Whaley worked detailing showbikes at Trophy Motorcycles on El Cajon Boulevard as a single dad supporting his daughter. The year was 2011 when he came across somebody getting rid of 4,000 vinyl records. Whaley began selling them out of an empty showroom.
Fast forward 14 years to a beloved record, skate, surf and clothing shop receiving a 30-day notice of eviction. You walk into the eclectic shop and, with the drop of a needle, are transported to a world of leather boots and belts, vintage Levi’s, old magazines and a lineup of surfboards.
“They gave us a little note saying: ‘this is it,’” Whaley said. “I don’t know why. There’s no rhyme, no reason.”
Whaley opened up Pack Ratt Records and Junk in 2015 with Dannielle Cobb, just eight blocks over from what used to be the motorcycle shop.
Cobb runs a vintage clothing store inside of Pack Ratt called Puss in Boots Vintage, which will move with the store, wherever it ends up. Another team member runs the skate shop inside the store called Route 44, according to Cataldo.
The shop has until Oct. 3 to vacate. Whaley said that when he asked for reasoning, the only information given to him was that the landlord wants the property back.
“This is a big bummer,” Cataldo said. “[But] it’s not the end whatsoever, just a new beginning for us.”
San Diego local Nick Wagner said he visits the shop multiple times a month and has for the past five or six years. He believes that they never did anything to deserve the eviction.
“[I’m] really bummed out and kind of pissed off for them,” Wagner said.
He also said he often recommends the shop to others and has been going to the garage sale in solidarity.
“Every single person I know has loved it there,” Wagner said.
Cataldo said that they passed the eviction notice on to an attorney to be looked at and the reason listed was that the owner wants the property back.
Under the Tenant Protection Act, property owners can evict tenants with a ‘just cause.’ This includes the owner withdrawing the rental from the market or moving in, among other things.

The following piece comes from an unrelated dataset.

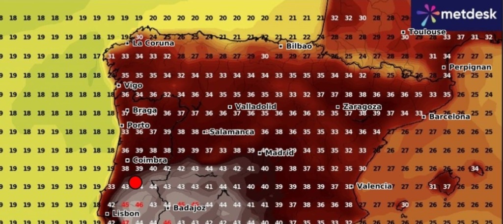 Segundo o portal meteorológico Meteo Certo, a partir do próximo dia 18 de julho “uma massa de ar quente vinda do norte de África vai começar a afetar o país, já com máximas entre os 30°C e 37°C, e até mesmo 43°C no Alentejo e Algarve, o litoral oeste de norte a sul, estará com máximas entre os 25°C e 33°C”.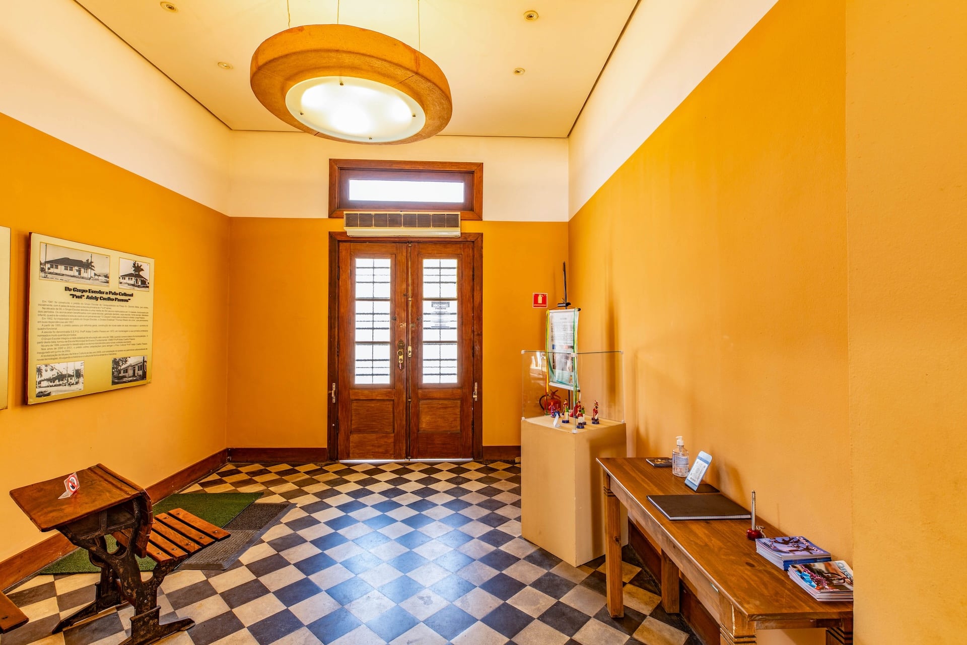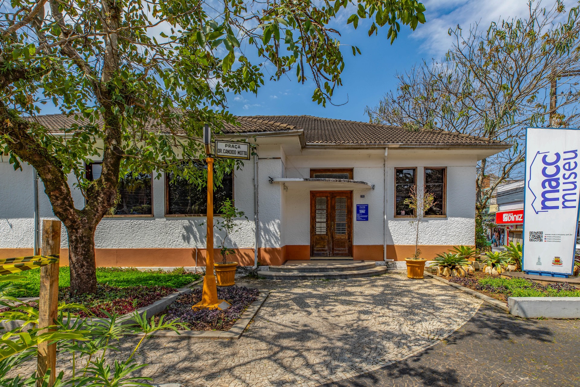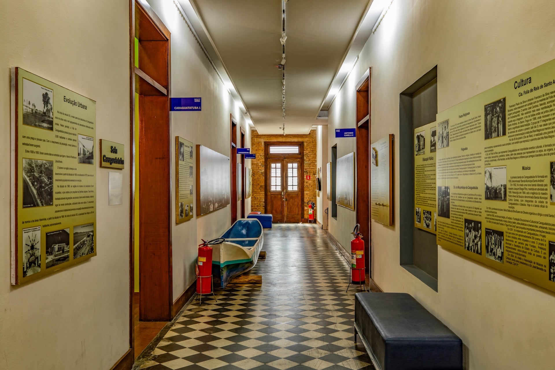 Sediado no antigo edifício do Grupo Escolar de Caraguatatuba, construído em 1941, o prédio apresenta arquitetura marcada pela influência eclética. Na parte interna, azulejos pretos e brancos caracterizam os cômodos.

According to the types of notices listed on the Self-Help Guide to the California Courts website, if a rental tenant has occupied the property for over a year, they must be given a 60-day notice as opposed to a 30-day one. Whaley has been there for 10 years.
“This shop has been an institution for rad weirdos for a long time,” Cataldo said. “…We need to find a new place for it.”